Sich erinnern ist nicht immer einfach, weil die Erfahrungen meist widersprüchlich sind. Man kann einen Menschen geliebt haben, aber auch wütend auf ihn gewesen sein und unter manchen seiner Eigenschaften gelitten haben, was ja ganz normal ist für Liebes-und Partnerschaftsbeziehungen. Man kann Glück erlebt haben und auch Enttäuschung.

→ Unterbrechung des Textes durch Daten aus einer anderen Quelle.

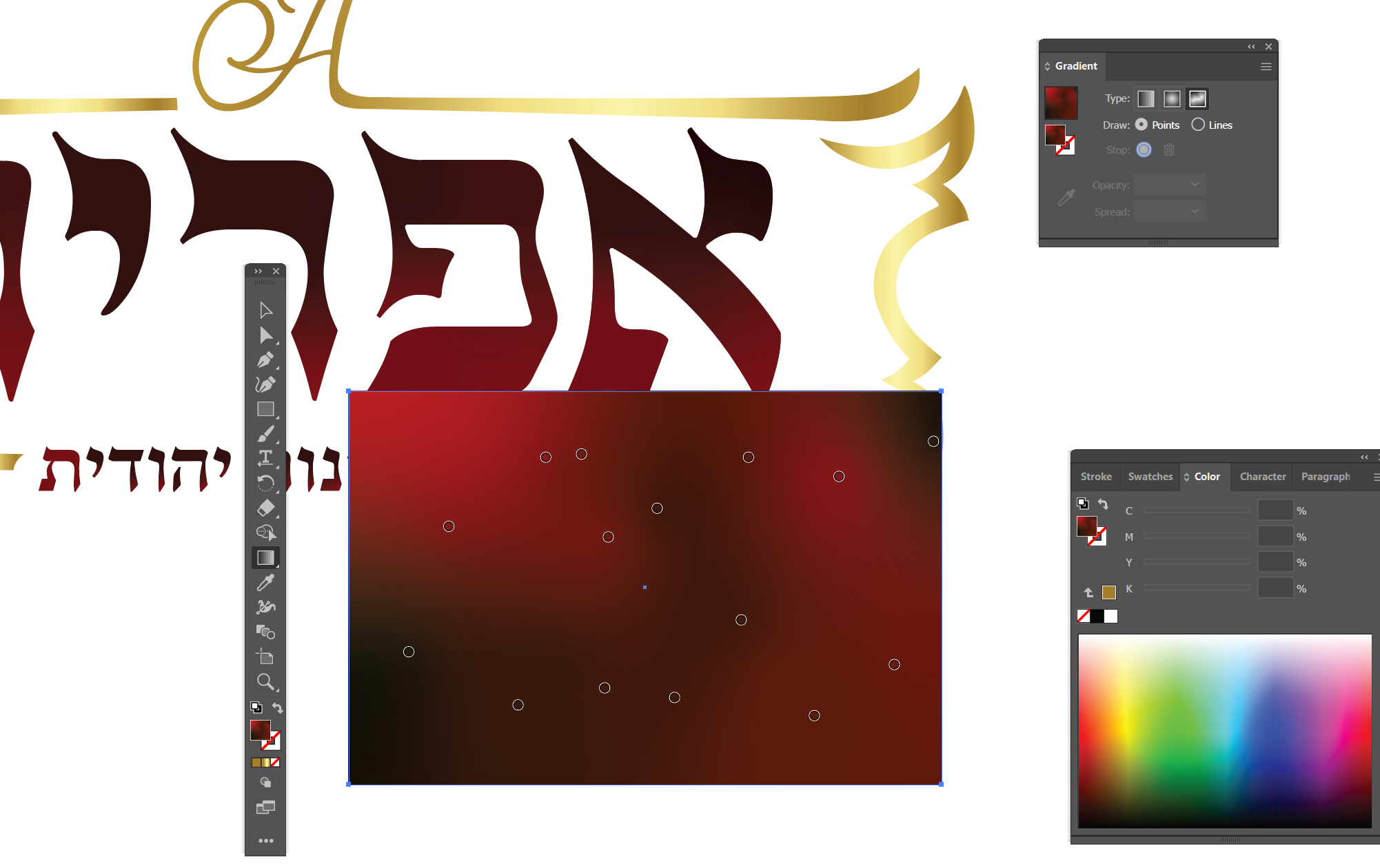 אני רוצה להכניס לאותיות שהפכתי לצורה מעבר צבעים עם נקודות ולא יוצא לי

Ich denke an ein Gespräch mit einer Frau. Sie war an diesem Tag sehr traurig und vermisste ihren verstorbenen Mann sehr. Sie erzählte von seiner jahrelangen Krankheit und wie sie für ihn gesorgt hat. Vor allem das letzte Jahr vor seinem Tod. Da hat sie ihn rund um die Uhr gepflegt. Ja, es sei sehr anstrengend gewesen, trotzdem habe sie es gern gemacht. Denn erst in dieser Zeit sind sie sich sehr nahe gekommen und haben mehr miteinander geredet als all die Ehejahre zuvor, als jeder seiner Arbeit nachgegangen ist, dazu Haushalt und Kinder und er abends halt immer weg: bei der Feuerwehr, im Gemeinderat, im Sportverein. So unglaublich es klingt, erst als er krank wurde, hatten sie Zeit füreinander.
Ich hatte den Eindruck, als könne diese Frau es selbst nicht verstehen, wie widersprüchlich ihre Gefühle sind. Es ging ihr wirklich nicht darum, ihren Ehemann nachträglich verändern zu wollen oder sein Leben zu bewerten, sondern darum, ehrlich hinzuschauen, wie das Leben war mit ihrem Mann.
Mir hilft der Gedanke, dass unsere Verstorbenen bei Gott mehr sind als das, was augenscheinlich ihnen und uns gelungen ist und dass sie nun vollendet und heil bei Gott leben. Deshalb glaube ich, dass es erlaubt ist, sich ein möglichst rundes und vollständiges Bild von ihnen und unserer Beziehung zu ihnen zu machen.
Dieses Bild geduldig und mutig Stück für Stück zusammenzupuzzeln – das kann hilfreich sein zum Weiterleben und macht offen für neue Möglichkeiten.